**Exercise description**
Nothing but the lines from the one containing "Don’t let administrative" through the last line of the material should appear in the answer, transcribed exactly, pictures excluded.
[[ Material provided, beginning ]]
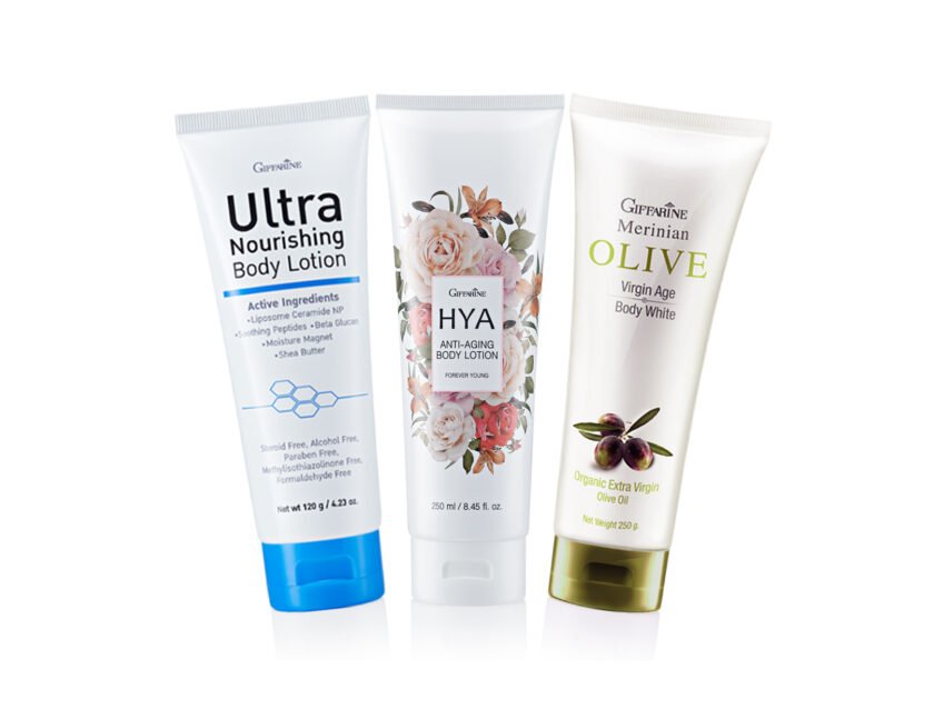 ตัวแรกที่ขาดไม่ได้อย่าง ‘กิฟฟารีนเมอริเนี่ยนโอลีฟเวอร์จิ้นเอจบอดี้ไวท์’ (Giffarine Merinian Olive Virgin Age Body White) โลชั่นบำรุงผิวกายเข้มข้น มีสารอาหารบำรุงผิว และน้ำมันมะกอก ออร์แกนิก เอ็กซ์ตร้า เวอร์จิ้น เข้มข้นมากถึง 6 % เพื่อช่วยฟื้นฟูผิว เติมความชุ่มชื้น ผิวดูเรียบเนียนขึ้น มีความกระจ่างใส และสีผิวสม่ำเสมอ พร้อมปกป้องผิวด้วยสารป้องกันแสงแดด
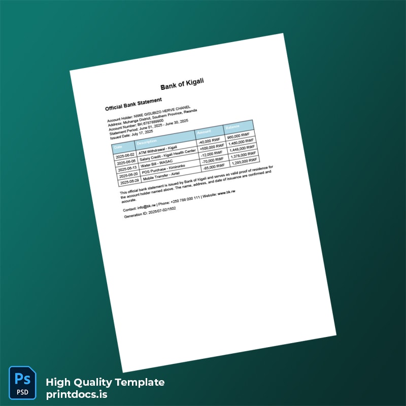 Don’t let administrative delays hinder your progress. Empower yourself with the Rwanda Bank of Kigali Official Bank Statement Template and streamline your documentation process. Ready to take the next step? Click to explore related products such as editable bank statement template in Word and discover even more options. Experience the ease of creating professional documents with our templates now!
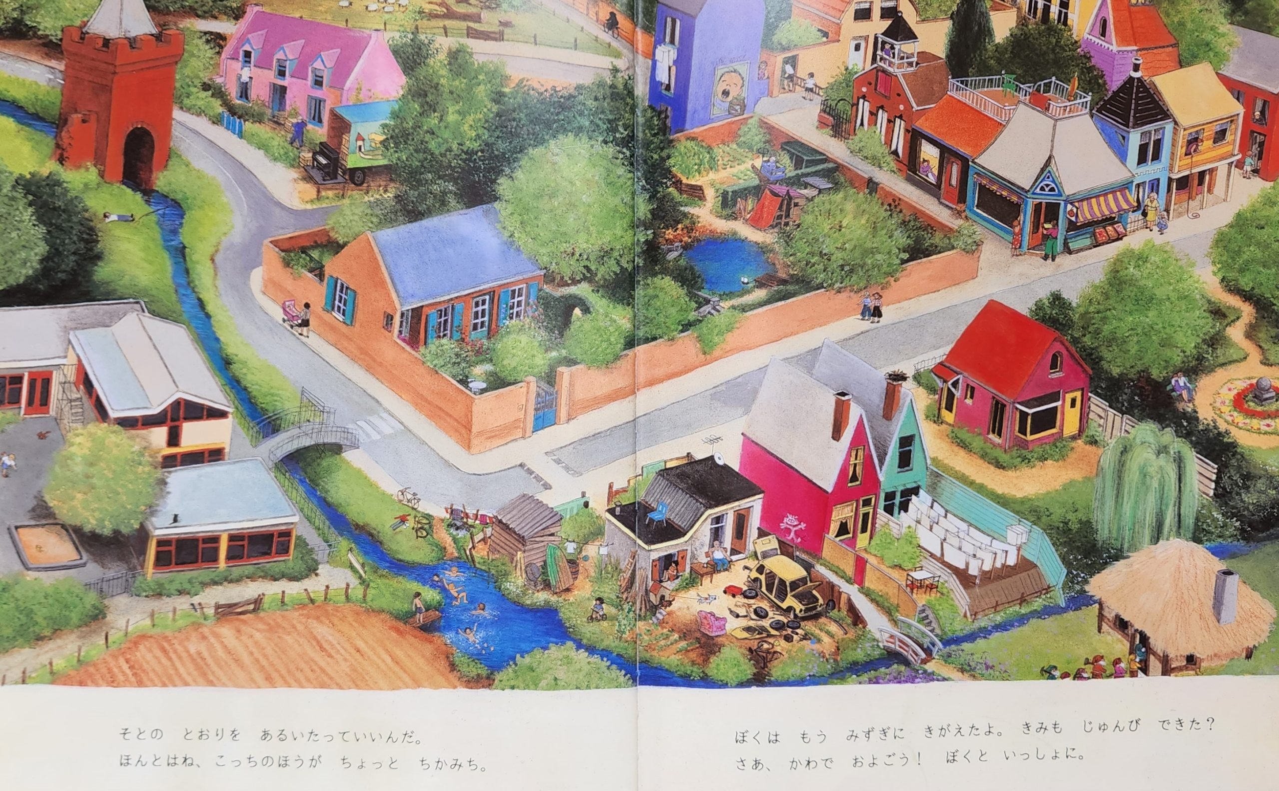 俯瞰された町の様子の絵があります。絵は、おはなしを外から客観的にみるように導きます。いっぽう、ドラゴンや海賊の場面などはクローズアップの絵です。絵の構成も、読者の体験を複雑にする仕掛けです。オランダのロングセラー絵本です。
[[ Material provided, end ]]
**Output below**
 Don’t let administrative delays hinder your progress. Empower yourself with the Rwanda Bank of Kigali Official Bank Statement Template and streamline your documentation process. Ready to take the next step? Click to explore related products such as editable bank statement template in Word and discover even more options. Experience the ease of creating professional documents with our templates now!
 俯瞰された町の様子の絵があります。絵は、おはなしを外から客観的にみるように導きます。いっぽう、ドラゴンや海賊の場面などはクローズアップの絵です。絵の構成も、読者の体験を複雑にする仕掛けです。オランダのロングセラー絵本です。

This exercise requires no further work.